• **EXTRACTED DATA**:
[Start of Attachment]

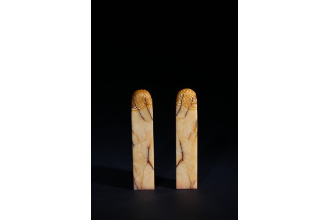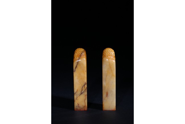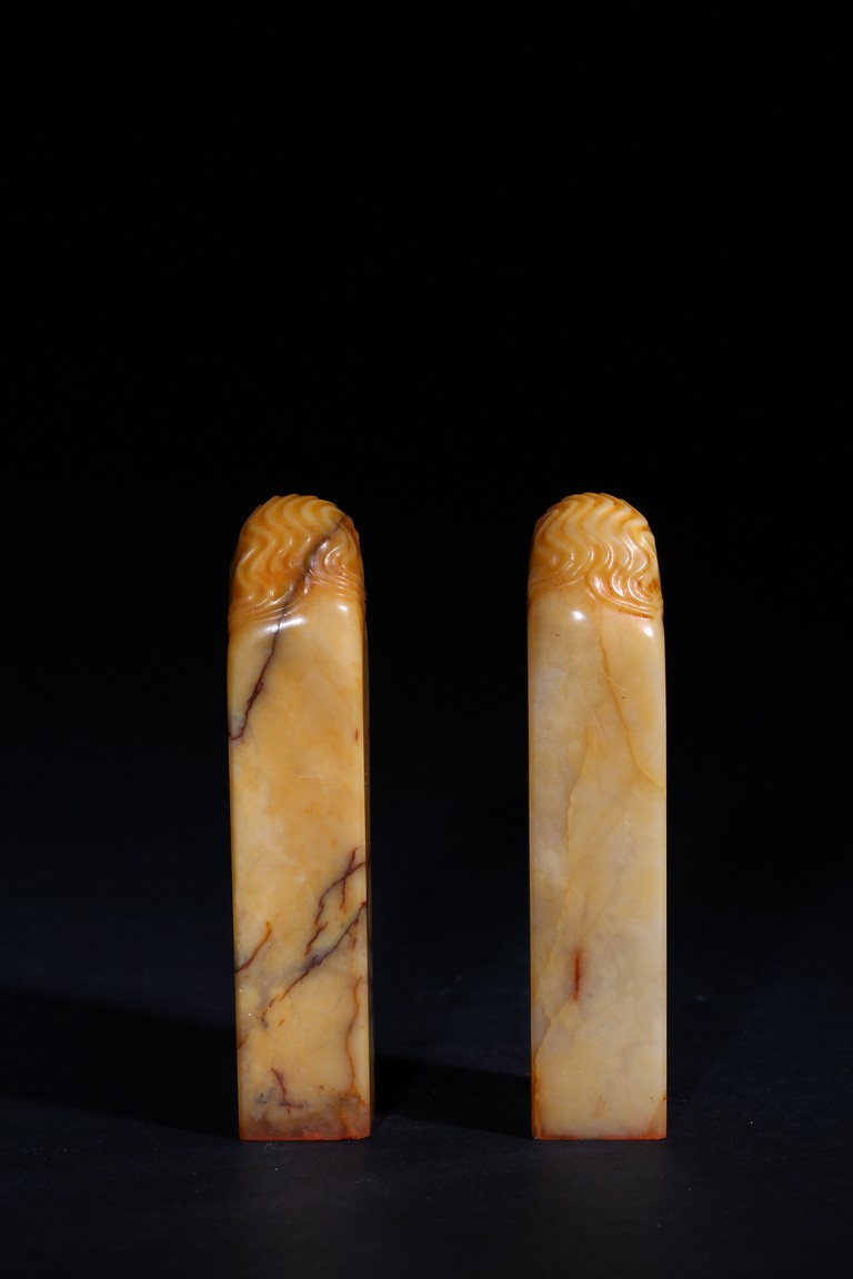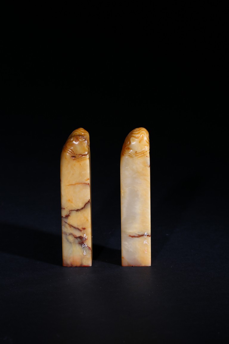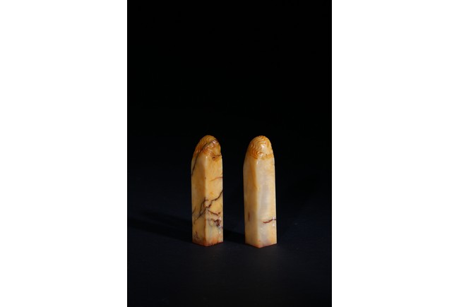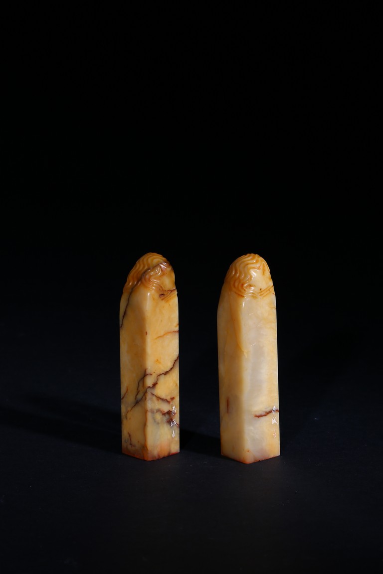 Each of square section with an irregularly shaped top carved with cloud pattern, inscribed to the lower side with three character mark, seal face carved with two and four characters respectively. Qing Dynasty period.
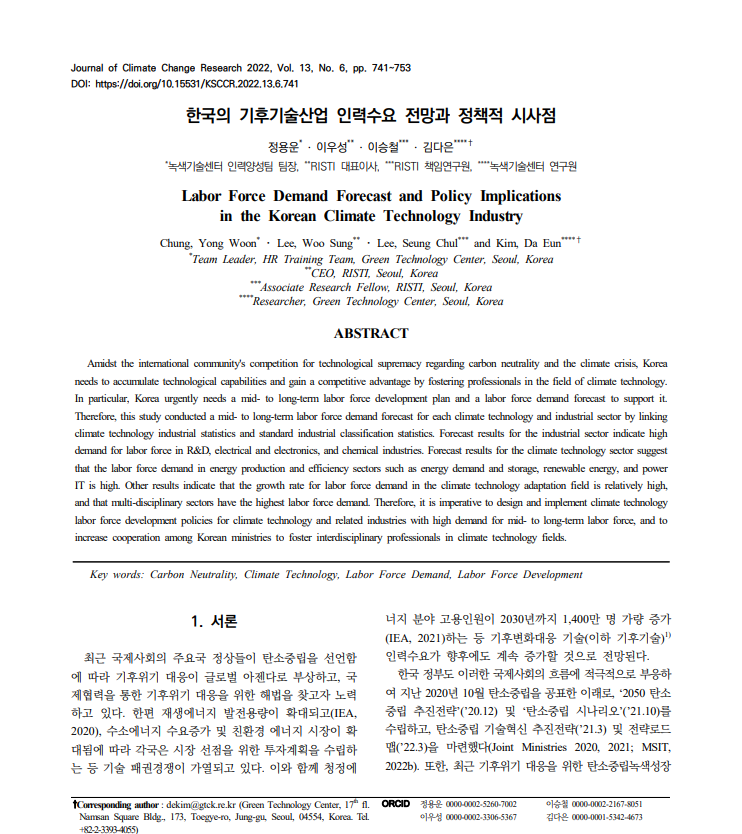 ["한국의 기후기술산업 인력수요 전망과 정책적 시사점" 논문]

[End of Attachment]
[Start of Attachment]

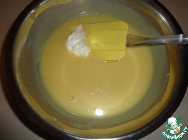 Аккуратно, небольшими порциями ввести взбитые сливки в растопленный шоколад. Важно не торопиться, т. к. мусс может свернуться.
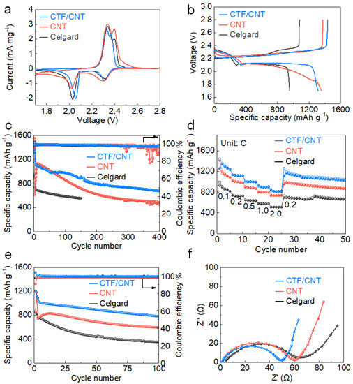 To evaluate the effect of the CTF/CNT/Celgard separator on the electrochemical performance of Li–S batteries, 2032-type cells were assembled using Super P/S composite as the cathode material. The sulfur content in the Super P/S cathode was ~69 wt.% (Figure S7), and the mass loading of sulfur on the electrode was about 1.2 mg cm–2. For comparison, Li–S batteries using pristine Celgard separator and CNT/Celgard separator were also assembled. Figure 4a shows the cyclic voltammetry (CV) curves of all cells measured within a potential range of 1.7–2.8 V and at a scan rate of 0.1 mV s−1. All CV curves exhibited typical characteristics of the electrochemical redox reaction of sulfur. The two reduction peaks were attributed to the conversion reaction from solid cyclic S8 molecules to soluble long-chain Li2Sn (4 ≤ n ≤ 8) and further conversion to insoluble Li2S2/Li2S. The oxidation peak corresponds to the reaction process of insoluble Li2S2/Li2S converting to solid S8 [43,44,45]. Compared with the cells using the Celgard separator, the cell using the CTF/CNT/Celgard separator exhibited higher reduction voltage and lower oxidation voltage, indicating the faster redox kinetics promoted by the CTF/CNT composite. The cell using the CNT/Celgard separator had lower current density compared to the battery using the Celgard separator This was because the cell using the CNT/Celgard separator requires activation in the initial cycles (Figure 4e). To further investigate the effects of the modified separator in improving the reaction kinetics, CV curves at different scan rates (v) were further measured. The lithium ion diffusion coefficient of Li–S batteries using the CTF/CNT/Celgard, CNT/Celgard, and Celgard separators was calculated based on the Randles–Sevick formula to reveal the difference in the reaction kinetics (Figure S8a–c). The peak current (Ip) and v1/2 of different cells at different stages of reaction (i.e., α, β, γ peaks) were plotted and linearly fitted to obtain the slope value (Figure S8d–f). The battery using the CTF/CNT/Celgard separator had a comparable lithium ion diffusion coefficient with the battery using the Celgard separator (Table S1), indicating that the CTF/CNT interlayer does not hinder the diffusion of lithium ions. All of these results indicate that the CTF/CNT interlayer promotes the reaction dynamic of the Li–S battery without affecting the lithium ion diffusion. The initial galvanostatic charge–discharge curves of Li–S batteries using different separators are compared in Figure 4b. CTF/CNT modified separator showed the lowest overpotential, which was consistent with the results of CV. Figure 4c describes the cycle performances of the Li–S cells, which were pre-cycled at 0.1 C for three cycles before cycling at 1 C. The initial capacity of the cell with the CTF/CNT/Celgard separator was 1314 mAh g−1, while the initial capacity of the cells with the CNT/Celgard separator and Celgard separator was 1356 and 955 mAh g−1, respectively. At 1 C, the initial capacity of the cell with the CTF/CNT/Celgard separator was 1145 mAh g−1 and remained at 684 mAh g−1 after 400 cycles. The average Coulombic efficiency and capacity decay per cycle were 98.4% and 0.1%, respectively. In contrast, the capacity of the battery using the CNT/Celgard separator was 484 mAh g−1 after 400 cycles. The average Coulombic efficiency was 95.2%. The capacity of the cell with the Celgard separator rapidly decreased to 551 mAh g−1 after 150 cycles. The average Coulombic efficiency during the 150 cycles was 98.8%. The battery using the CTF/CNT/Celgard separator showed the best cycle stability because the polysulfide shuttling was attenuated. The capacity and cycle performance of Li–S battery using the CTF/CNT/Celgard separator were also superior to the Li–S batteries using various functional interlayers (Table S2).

[End of Attachment]

• **WORK INSTRUCTION**:
In the records above, find the line containing "Each of square" and the line containing "기후기술산업 인력수요 전망과", then give both of them again word for word along with every line between. Omit any pictures.

• **PROBLEM SOLUTION**:
 Each of square section with an irregularly shaped top carved with cloud pattern, inscribed to the lower side with three character mark, seal face carved with two and four characters respectively. Qing Dynasty period.
 ["한국의 기후기술산업 인력수요 전망과 정책적 시사점" 논문]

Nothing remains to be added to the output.